Te Manu Huna a Tāne

Publication Details Hardback, 220mm x 190mm, 88pp, image plates 21, ISBN: 978-0-9951230-6-9

Author and/or Editor name/s Jenny Gillam & Eugene Hansen (Maniapoto) (eds.)

Author and/or Editor bio/s Jenny Gillam and Eugene Hansen are multimedia artists who often work collaboratively – with each other, with other artists and with researchers in other fields. Gillam trained as a photographer in the early 1990s and gained an MFA (RMIT, Melbourne) in 1999. Hansen gained a BFA (Sculpture) from Canterbury University in 1991 and an MFA (RMIT, Melbourne) in 1998. They are both Senior Lecturers at Massey University’s Whiti o Rehua School of Art, Wellington, New Zealand.

Year of publication 2020

Publisher Massey University Press, Auckland, New Zealand

Abstract For Māori, kiwi are under the protection of Tāne-Mahuta, atua of the forests and birds. They are known as te manu huna a Tāne – the hidden bird of Tāne. Highly treasured kahu kiwi, cloaks adorned with their feathers, carry the wairua, the spirit, of the kiwi. New Zealanders know that our national bird is vulnerable to extinction. Many of us have not seen a kiwi in the wild, nor are we aware of the care and respect shown to them after death.
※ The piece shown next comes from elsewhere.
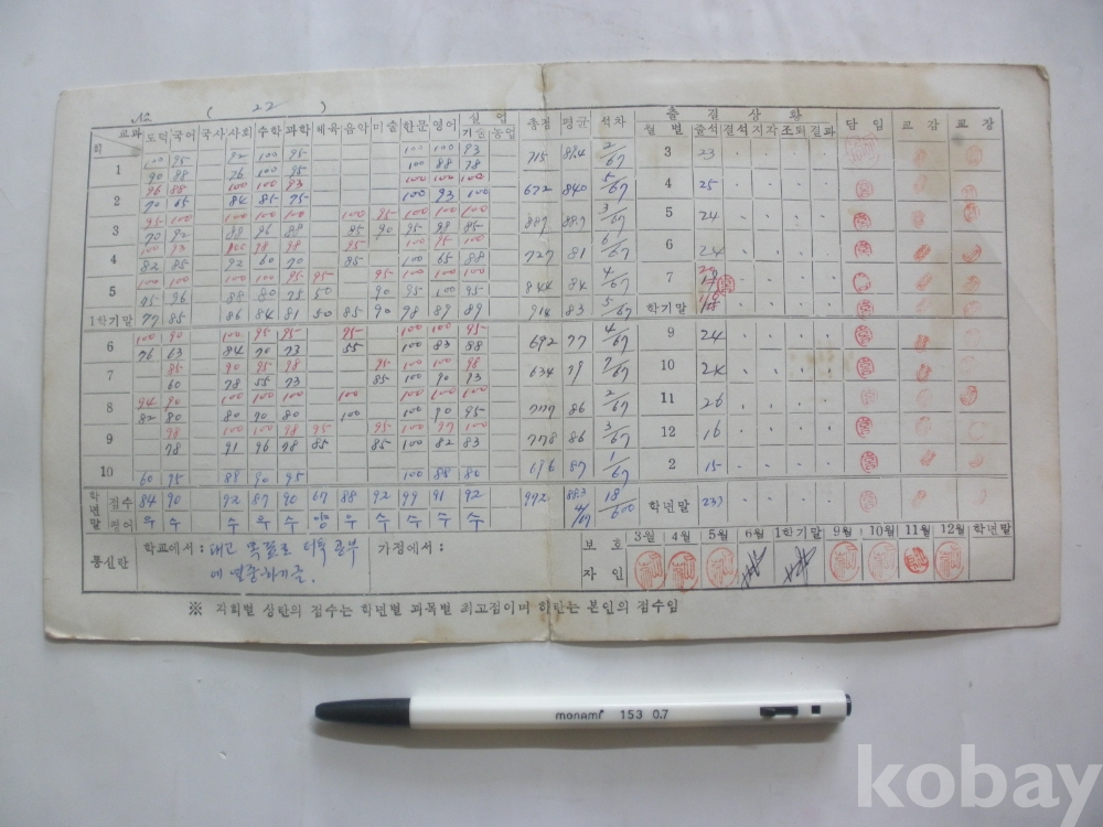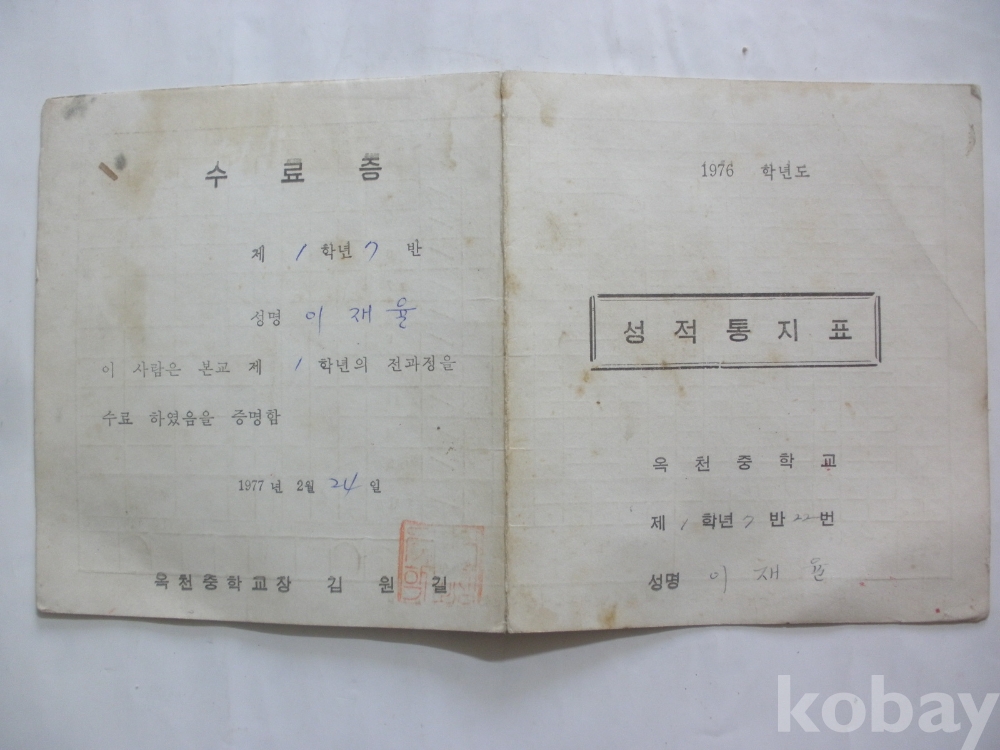 옥천중학고 - 성적통지표 · 수료증 (1976 학년도)

This book documents a wānanga at which three generations of Ngāti Torehina Ki Matakā women learned to pelt North Island brown kiwi so their feathers can be used to make kahu kiwi. It bears witness to their role as guardians of a vulnerable taonga, and their everyday commitment to the kaitiakitanga of our indigenous culture. This passing on of customary knowledge developed out of a partnership with the Department of Conservation, where accidentally killed kiwi, still protected under the Conservation Act 1987 even in death, were returned to Māori from the district in which the kiwi were found. These Māori women, culturally rooted in tradition, are quietly responding to the significant social and political issues that confront us on a local, national and global scale.